Data block.

====================

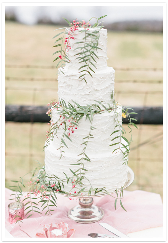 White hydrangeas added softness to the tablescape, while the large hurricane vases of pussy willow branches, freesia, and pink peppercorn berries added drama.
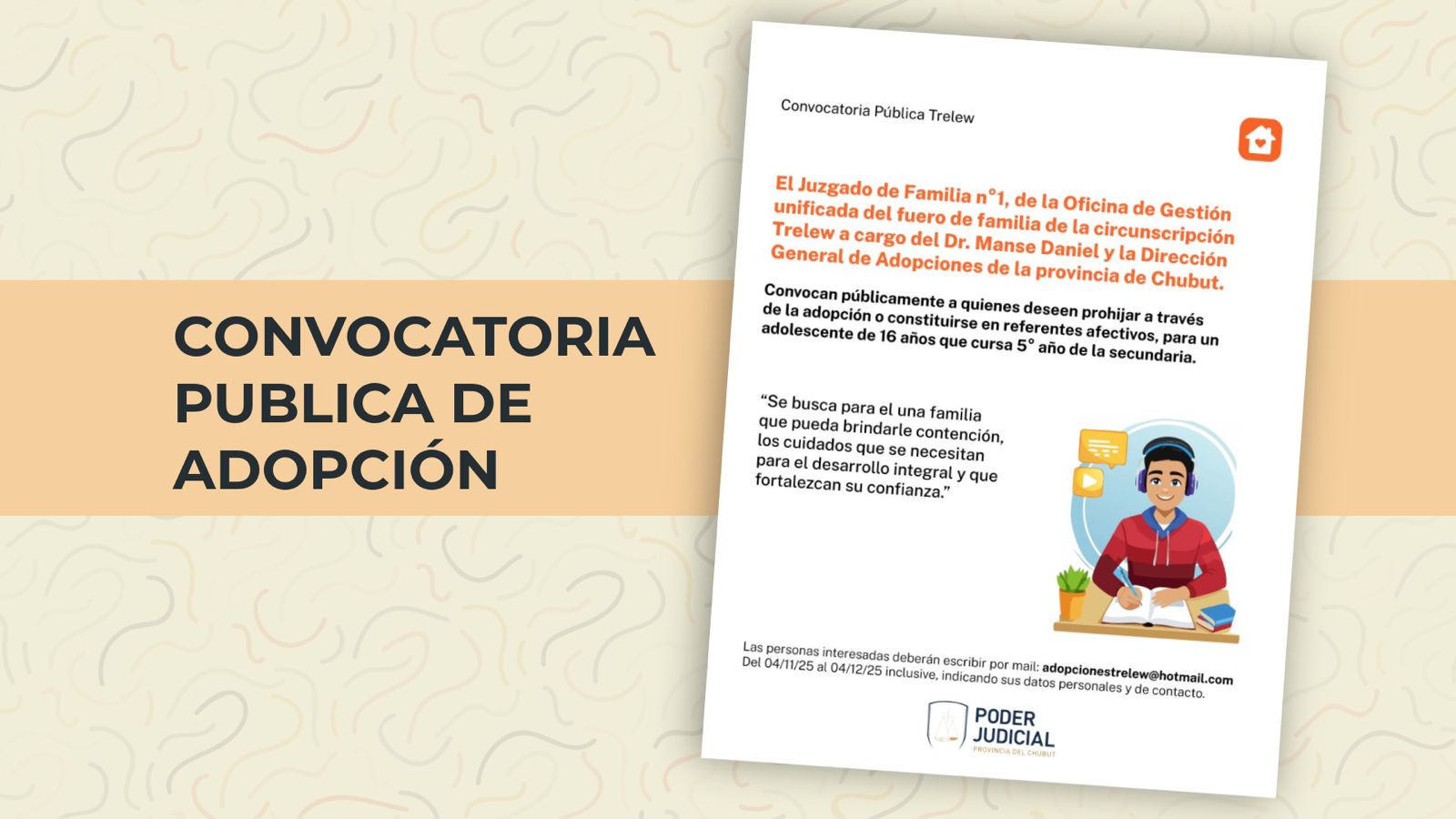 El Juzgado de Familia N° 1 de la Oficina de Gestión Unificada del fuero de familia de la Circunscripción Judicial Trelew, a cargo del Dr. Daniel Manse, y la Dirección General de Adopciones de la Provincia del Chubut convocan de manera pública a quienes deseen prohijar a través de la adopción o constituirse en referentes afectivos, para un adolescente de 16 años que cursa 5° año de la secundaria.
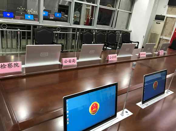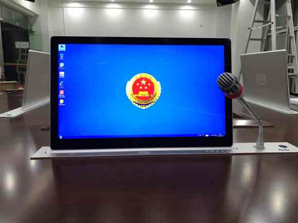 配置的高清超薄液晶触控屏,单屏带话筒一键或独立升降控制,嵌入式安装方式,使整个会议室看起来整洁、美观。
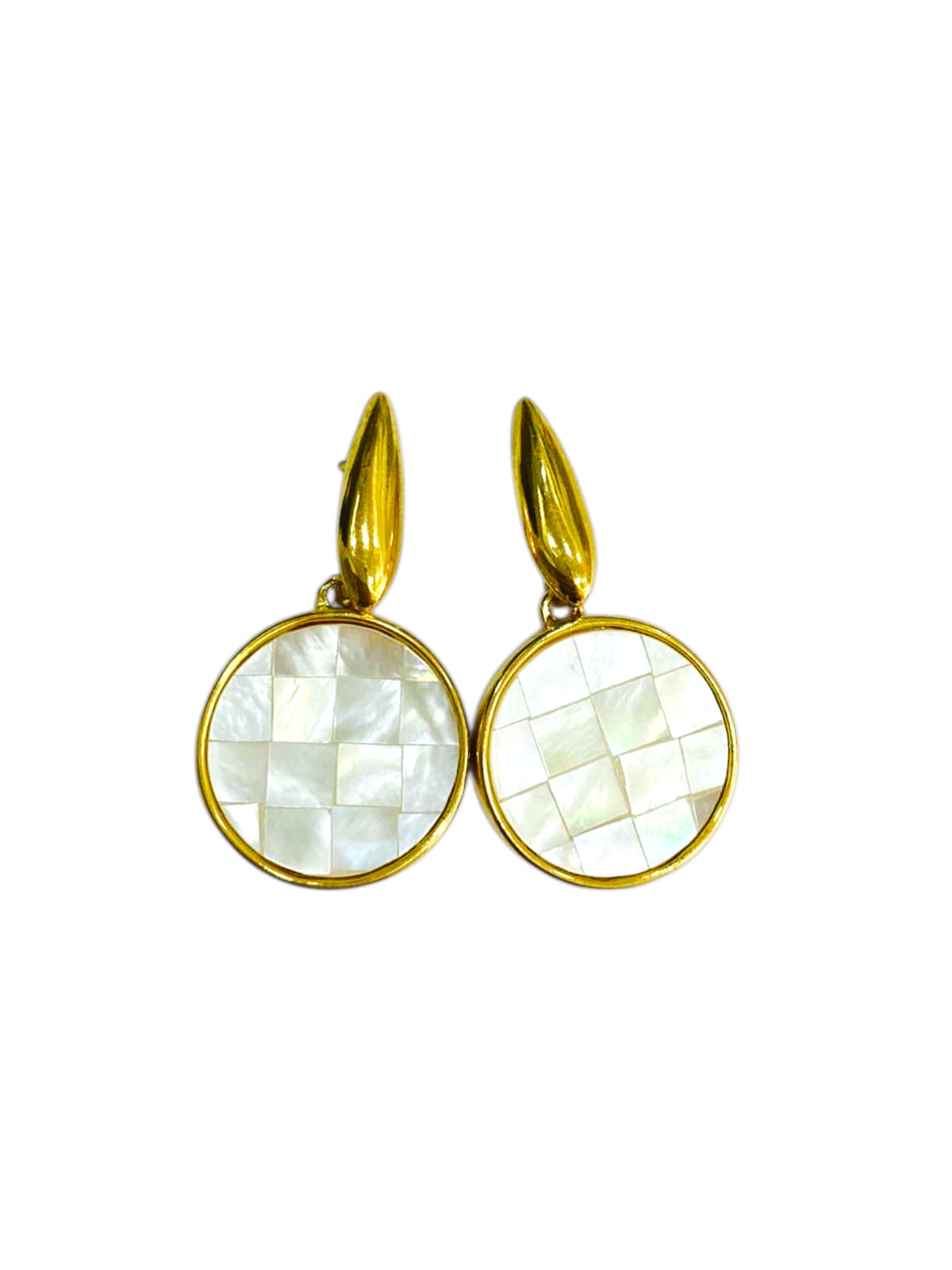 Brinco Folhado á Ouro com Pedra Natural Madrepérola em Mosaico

====================

What needs to be done.
Line by line, output the material above exactly, passing over the pictures.

Written reply.
 White hydrangeas added softness to the tablescape, while the large hurricane vases of pussy willow branches, freesia, and pink peppercorn berries added drama.
 El Juzgado de Familia N° 1 de la Oficina de Gestión Unificada del fuero de familia de la Circunscripción Judicial Trelew, a cargo del Dr. Daniel Manse, y la Dirección General de Adopciones de la Provincia del Chubut convocan de manera pública a quienes deseen prohijar a través de la adopción o constituirse en referentes afectivos, para un adolescente de 16 años que cursa 5° año de la secundaria.
 配置的高清超薄液晶触控屏,单屏带话筒一键或独立升降控制,嵌入式安装方式,使整个会议室看起来整洁、美观。
 Brinco Folhado á Ouro com Pedra Natural Madrepérola em Mosaico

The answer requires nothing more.